Apple Inc., Google Inc., Intel Corp. and Adobe Systems Inc. agreed to pay $324.5 million to settle an employee antitrust lawsuit over claims they conspired to suppress salaries by not recruiting one another’s workers.
Lawyers for employees who sued the companies are seeking a judge’s preliminary approval of the deal, according to a filing in federal court in San Jose, California. The accord, covering more than 64,000 technical employees, was reached April 24. Terms were disclosed in the filing.
Workers settled for about a 10th of the $3 billion they planned to seek at a trial that was set for May 27. Under federal antitrust law, damages won at a trial might have been tripled. The $324 million settlement amounts to 0.4 percent of the combined total revenue earned by the four companies in their most recent quarter.
The companies agreed to deposit $1 million of the settlement amount into an escrow account within 10 days of preliminary court approval. The remainder is due within seven days after final court approval, according to the filing. The deal includes a broad release for the companies from future claims on restrictions on competition for employment.

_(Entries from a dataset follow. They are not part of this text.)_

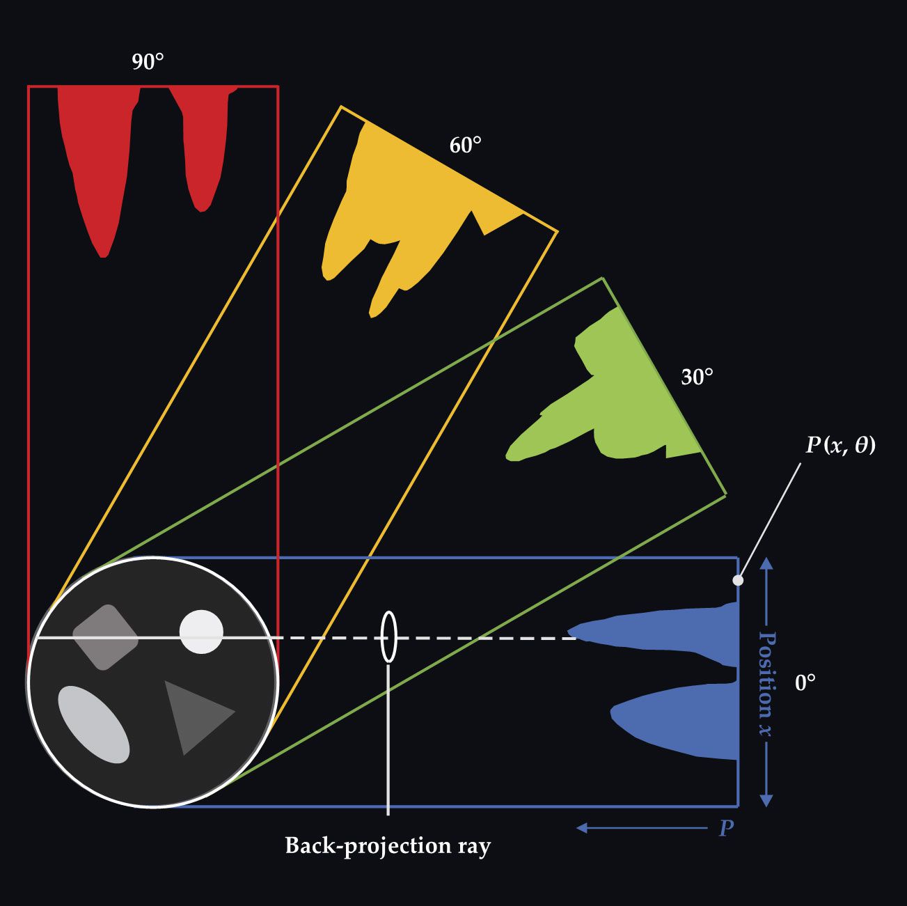 Filtered back-projection reconstruction. These projection data represent the total x-ray attenuation of an object along a path between the x-ray source and detector. To reconstruct the computed tomography (CT) image, the data are back projected along the direction in which they were acquired. The process uniformly distributes the measured attenuation along the line between the x-ray source and detector. The image shows four data sets at four different projection angles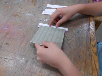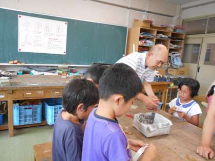 畳屋の佐原さんを講師に招いて、たたみを使ってのコースターづくりに挑戦しました。子どもたちは器用に仕上げていました。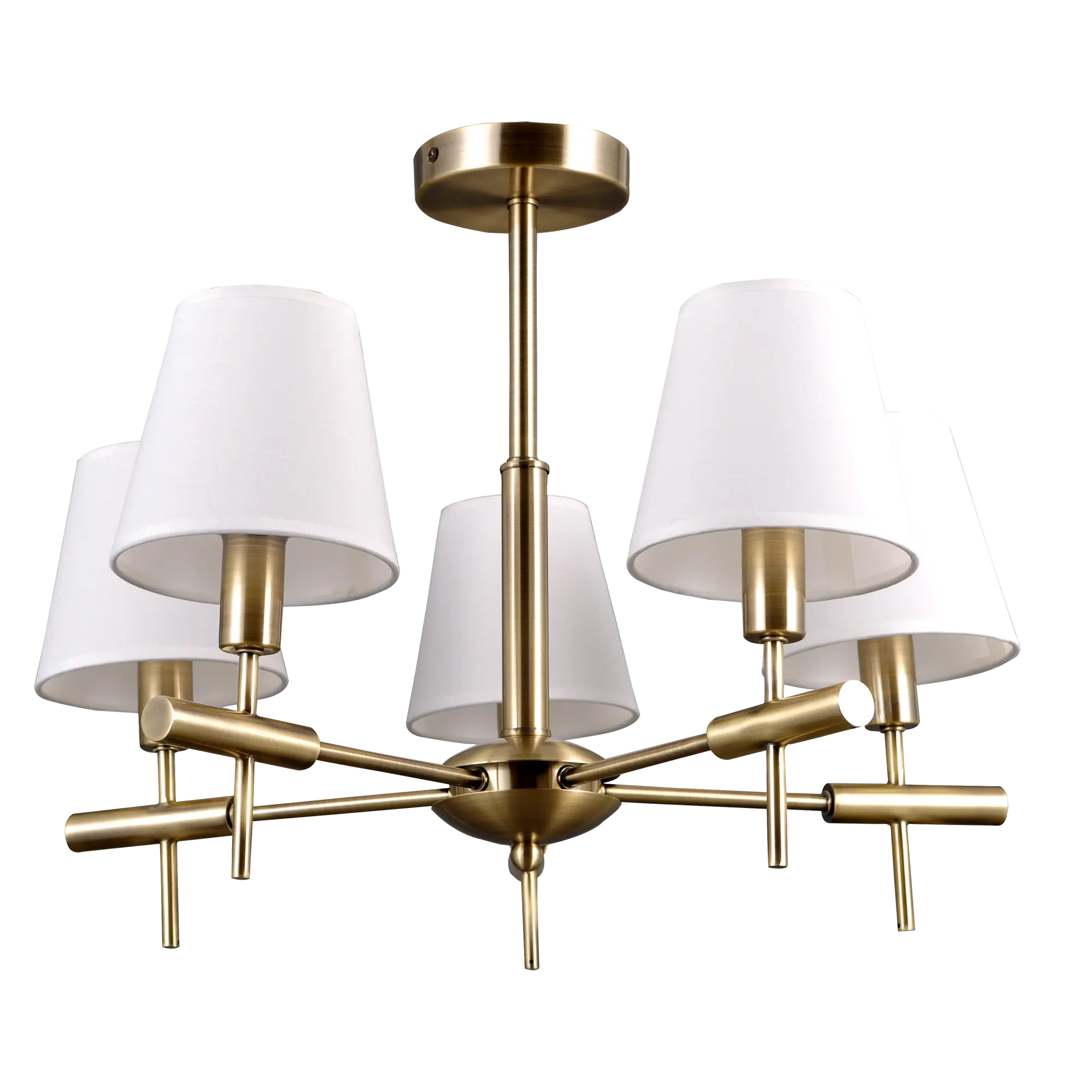 Żyrandol Balter to propozycja oświetlenia, która sprawdzi się w wielu stylach wnętrz. Posiada 5 źródeł światła. Dzięki kloszom w jasnym kolorze doskonale rozświetla pomieszczenie, a ich forma urzeka prostotą. Złote elementy dodają lampie nowoczesnej elegancji. Żyrandol doskonale prezentuje się m.in. w sypialniach i salonach - sprawia, że zyskują nietuzinkowy charakter. Model Balter działa zarówno z klasycznymi żarówkami, jak i LED. Średnica żyrandola wynosi 54 cm, natomiast jej wysokość - 44 cm.

Lawyers for the workers intend to seek as much as 25 percent in attorneys’ fees, plus expenses of as much as $1.2 million, according to the filing. Additional award payments of $80,000 will be sought for each named plaintiff who served as a class representative.
One employee, Michael Devine, objected to the settlement and isn’t covered by the preliminary approval request, according to the filing.
In a separate filing, lawyers for the workers requested court approval to keep confidential the terms under which the companies may terminate the settlement. The deal may be undone if enough class members opt out, according to court papers.